DATA SUPPLIED =>
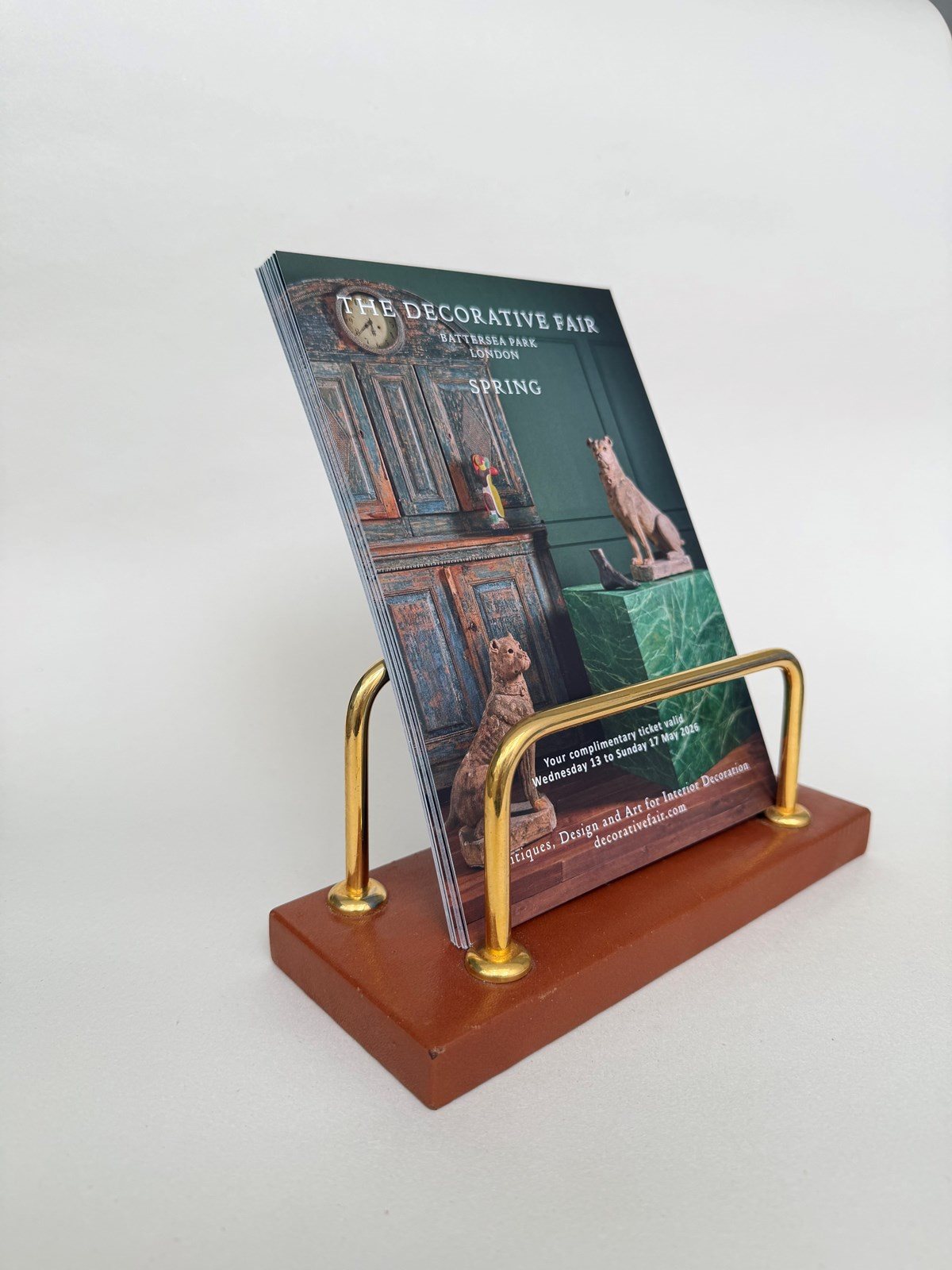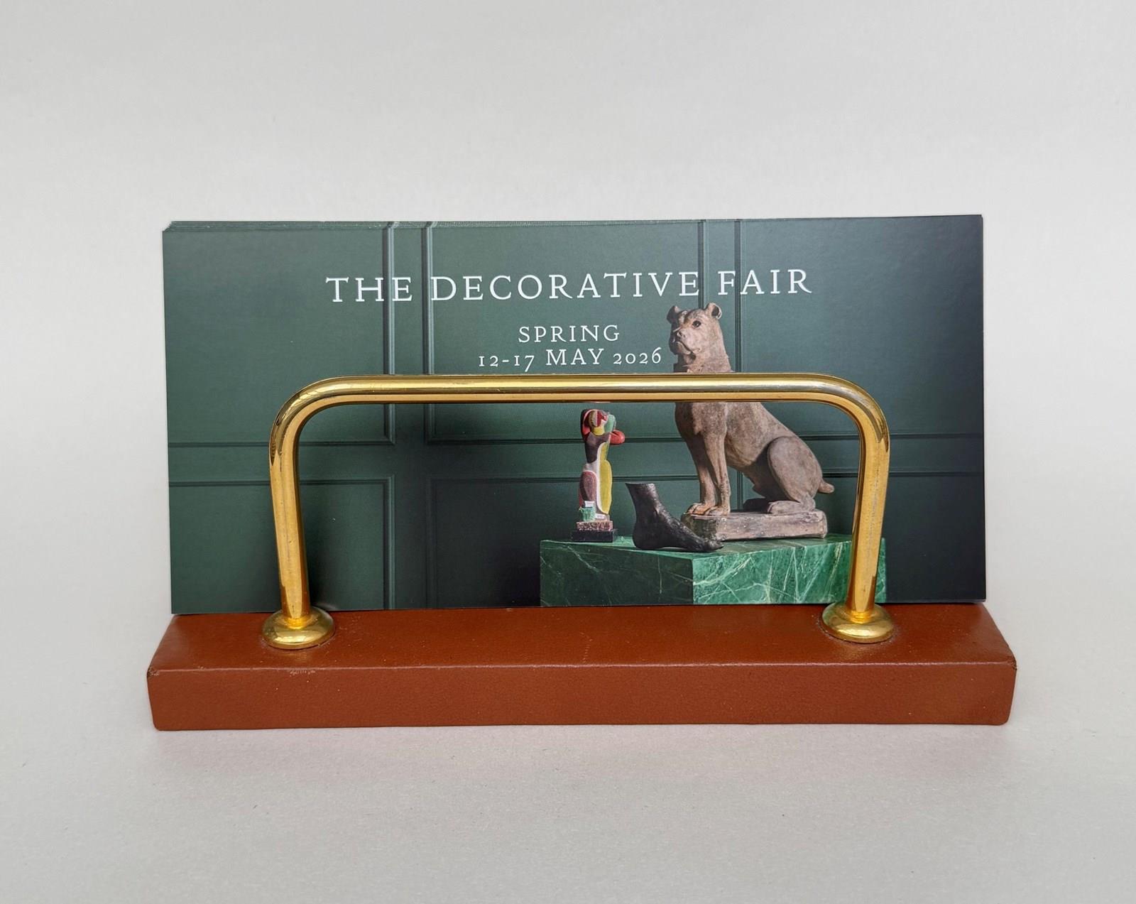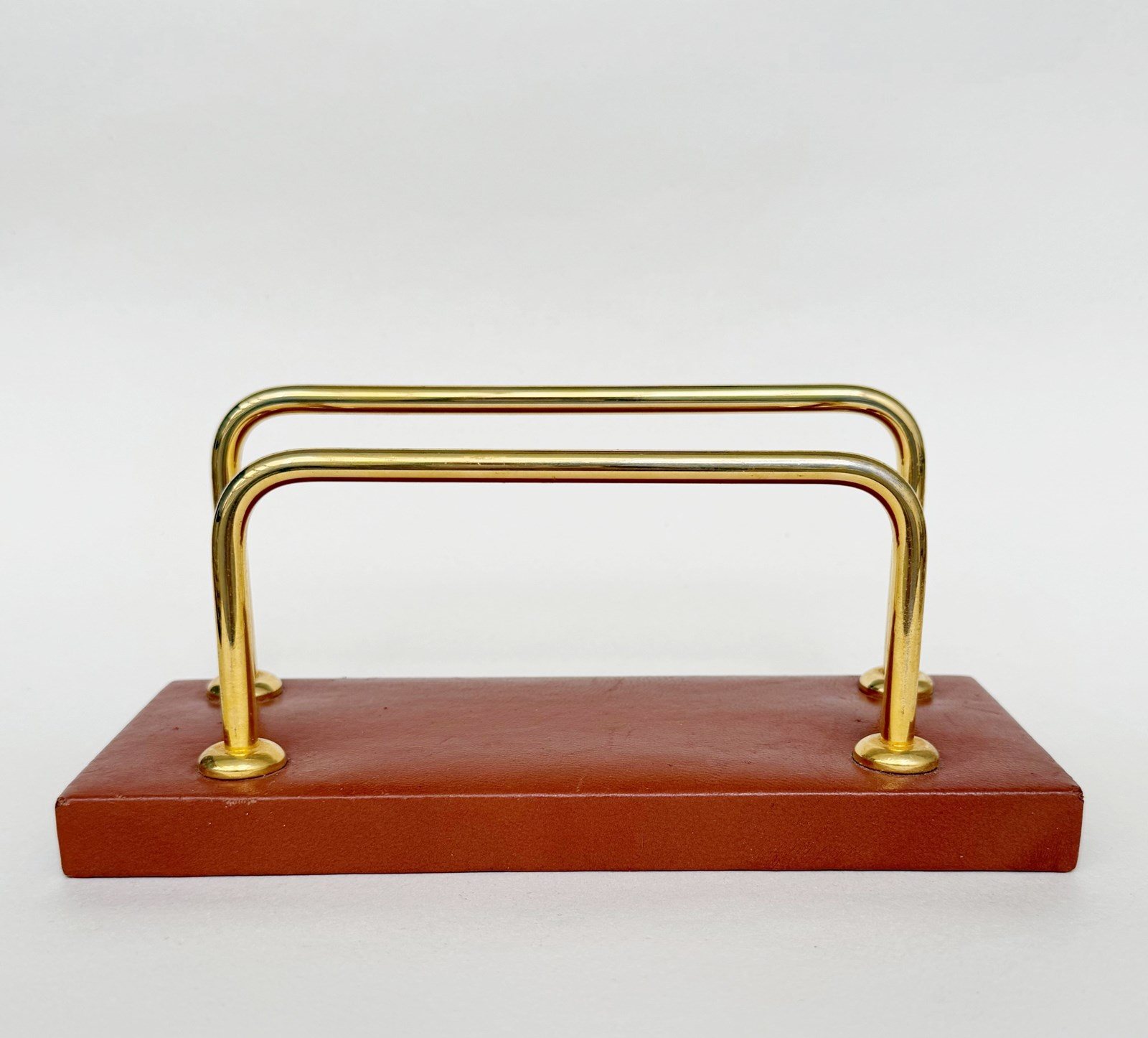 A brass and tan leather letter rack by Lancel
---
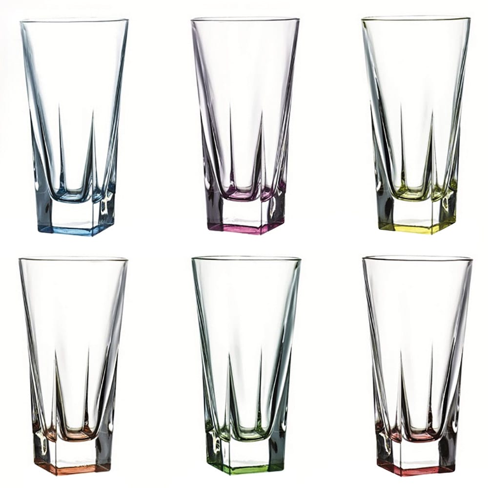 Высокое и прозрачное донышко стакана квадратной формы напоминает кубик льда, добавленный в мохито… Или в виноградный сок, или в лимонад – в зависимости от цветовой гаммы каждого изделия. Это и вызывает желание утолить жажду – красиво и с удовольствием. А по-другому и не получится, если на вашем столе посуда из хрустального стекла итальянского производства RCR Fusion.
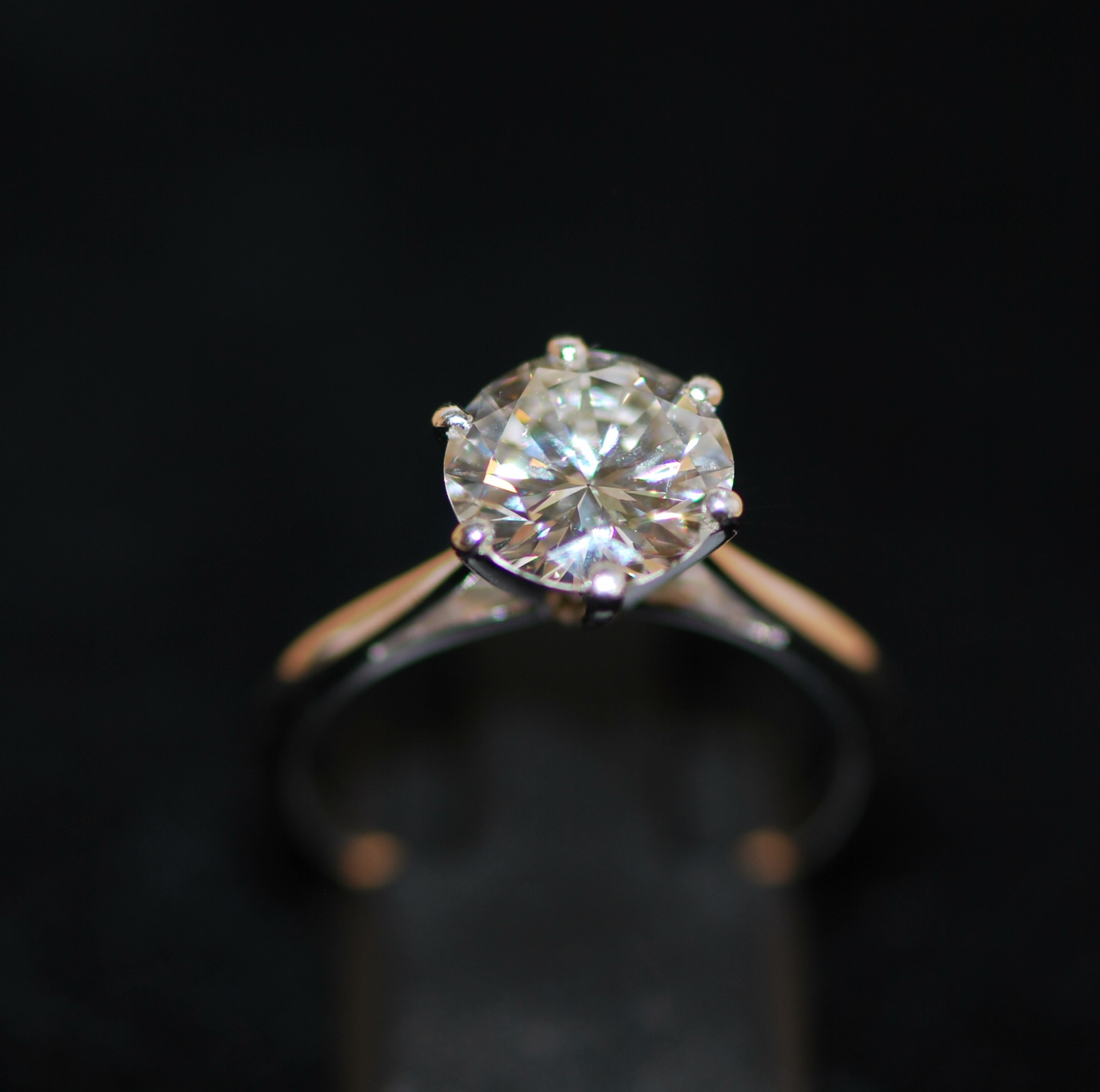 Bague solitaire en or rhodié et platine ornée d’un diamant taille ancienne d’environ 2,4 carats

ACTION ITEM =>
Although the records above contain pictures, the copy should not; retype exactly the lines from the one containing "Высокое и прозрачное" through the one containing "Bague solitaire en".

YOUR RESPONSE =>
 Высокое и прозрачное донышко стакана квадратной формы напоминает кубик льда, добавленный в мохито… Или в виноградный сок, или в лимонад – в зависимости от цветовой гаммы каждого изделия. Это и вызывает желание утолить жажду – красиво и с удовольствием. А по-другому и не получится, если на вашем столе посуда из хрустального стекла итальянского производства RCR Fusion.
 Bague solitaire en or rhodié et platine ornée d’un diamant taille ancienne d’environ 2,4 carats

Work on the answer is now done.